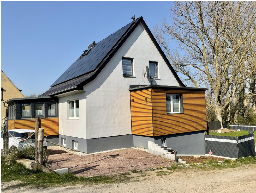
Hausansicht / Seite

---

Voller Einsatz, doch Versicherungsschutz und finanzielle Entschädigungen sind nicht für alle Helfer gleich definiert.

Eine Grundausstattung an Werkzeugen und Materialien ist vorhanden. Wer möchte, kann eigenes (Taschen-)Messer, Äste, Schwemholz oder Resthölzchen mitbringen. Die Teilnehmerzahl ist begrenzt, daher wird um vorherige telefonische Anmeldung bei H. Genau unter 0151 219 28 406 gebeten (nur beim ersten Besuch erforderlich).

Exercise details:
Beginning with the line holding "Voller Einsatz, doch" and ending with the line holding "Eine Grundausstattung an", write out the stretch of material above exactly; add no further lines.

Output of the task:
Voller Einsatz, doch Versicherungsschutz und finanzielle Entschädigungen sind nicht für alle Helfer gleich definiert.

Eine Grundausstattung an Werkzeugen und Materialien ist vorhanden. Wer möchte, kann eigenes (Taschen-)Messer, Äste, Schwemholz oder Resthölzchen mitbringen. Die Teilnehmerzahl ist begrenzt, daher wird um vorherige telefonische Anmeldung bei H. Genau unter 0151 219 28 406 gebeten (nur beim ersten Besuch erforderlich).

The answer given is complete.